Since there is overlap between the species, the number of ortholog groups covered in at least one species is 672. This represents approximately 15% of the core Plasmodium genome.
Discussion
Plasmodium reverse genetics is now beginning to reach the genome-level stage. As it does so, phenotypic data has the potential to shed light on the importance of the novel genes found in these early-branching eukaryotes.
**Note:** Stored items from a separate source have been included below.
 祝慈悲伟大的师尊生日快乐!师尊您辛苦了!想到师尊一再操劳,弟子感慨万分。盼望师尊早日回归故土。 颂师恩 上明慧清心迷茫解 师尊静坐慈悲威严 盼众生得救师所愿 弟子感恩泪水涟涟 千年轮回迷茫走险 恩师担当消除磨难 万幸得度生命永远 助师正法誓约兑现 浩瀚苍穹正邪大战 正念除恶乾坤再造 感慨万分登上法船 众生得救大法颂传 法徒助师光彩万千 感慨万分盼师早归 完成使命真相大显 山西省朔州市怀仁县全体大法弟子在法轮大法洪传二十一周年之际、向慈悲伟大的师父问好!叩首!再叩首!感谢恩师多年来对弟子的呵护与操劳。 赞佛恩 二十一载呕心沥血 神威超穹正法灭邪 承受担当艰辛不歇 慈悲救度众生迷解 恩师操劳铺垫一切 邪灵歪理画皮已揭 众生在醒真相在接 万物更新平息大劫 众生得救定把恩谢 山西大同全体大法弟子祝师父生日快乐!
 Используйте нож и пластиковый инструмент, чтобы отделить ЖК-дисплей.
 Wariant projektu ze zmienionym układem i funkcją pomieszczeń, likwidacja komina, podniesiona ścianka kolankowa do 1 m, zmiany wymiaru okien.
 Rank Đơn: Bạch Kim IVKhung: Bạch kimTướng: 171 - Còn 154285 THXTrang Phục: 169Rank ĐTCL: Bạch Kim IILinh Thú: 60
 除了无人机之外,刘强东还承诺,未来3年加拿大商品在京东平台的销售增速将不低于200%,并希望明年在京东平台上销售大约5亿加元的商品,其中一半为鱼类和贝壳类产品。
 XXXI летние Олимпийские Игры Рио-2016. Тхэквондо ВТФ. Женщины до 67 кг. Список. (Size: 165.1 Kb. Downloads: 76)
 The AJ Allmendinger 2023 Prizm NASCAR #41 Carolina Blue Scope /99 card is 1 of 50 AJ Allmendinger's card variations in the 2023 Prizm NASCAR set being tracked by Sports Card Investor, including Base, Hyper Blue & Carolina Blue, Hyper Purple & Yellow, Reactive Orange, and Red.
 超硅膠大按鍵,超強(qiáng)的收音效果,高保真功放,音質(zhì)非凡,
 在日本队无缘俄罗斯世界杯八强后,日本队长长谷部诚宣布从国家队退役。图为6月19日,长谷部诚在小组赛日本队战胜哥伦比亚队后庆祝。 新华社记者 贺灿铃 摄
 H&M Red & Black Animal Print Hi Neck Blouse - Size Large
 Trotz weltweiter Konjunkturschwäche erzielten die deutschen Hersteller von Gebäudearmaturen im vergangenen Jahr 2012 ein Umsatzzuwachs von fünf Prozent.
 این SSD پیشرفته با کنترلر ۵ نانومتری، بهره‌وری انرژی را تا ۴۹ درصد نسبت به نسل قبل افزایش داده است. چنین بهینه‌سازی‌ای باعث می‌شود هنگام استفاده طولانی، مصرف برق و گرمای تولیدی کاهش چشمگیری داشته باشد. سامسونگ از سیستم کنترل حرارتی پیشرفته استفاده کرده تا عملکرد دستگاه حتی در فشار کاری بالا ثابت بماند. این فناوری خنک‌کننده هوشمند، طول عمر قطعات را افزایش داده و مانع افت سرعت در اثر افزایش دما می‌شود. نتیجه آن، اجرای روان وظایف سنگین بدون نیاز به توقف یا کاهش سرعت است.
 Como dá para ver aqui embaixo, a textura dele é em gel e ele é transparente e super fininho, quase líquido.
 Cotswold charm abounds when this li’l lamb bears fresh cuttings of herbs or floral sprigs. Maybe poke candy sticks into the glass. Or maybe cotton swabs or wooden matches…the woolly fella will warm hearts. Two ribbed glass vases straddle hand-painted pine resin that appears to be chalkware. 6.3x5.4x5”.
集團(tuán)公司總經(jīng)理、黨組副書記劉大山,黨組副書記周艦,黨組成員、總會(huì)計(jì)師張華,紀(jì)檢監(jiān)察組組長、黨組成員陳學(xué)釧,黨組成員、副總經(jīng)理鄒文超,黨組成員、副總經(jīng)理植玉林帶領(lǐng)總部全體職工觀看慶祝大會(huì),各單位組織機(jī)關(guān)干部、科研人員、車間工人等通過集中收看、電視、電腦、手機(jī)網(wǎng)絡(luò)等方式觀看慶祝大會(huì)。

Large scale genetic modification programmes in Plasmodium are already underway (Bronner et al., 2016; Gomes et al., 2015) and so the 85% of the genome for which there are no published phenotypes should be a portion that shrinks rapidly. Nevertheless, no single approach is likely to reach saturation for some time, and exploring the complete parasite lifecycle is likely to take much longer. In addition, the lack of non-homologous end-joining pathway in Plasmodium parasites limits the use of the conventional CRISPR-Cas9 screens, which have revolutionized genetics in other organisms. For these reasons, a complete view of the reverse-genetic landscape for a gene or pathway will require bringing together multiple datasets with the individual gene-by-gene studies that have characterized decades of research.
We hope that PhenoPlasm assists in these developments and that it allows the prioritization of future large scale studies, by eliminating duplication of existing efforts, and allowing a focus on the portion of the genome which remains wholly unexplored by reverse genetic approaches. These genes of unknown function may yet contain crucial for parasite virulence and perhaps druggable targets.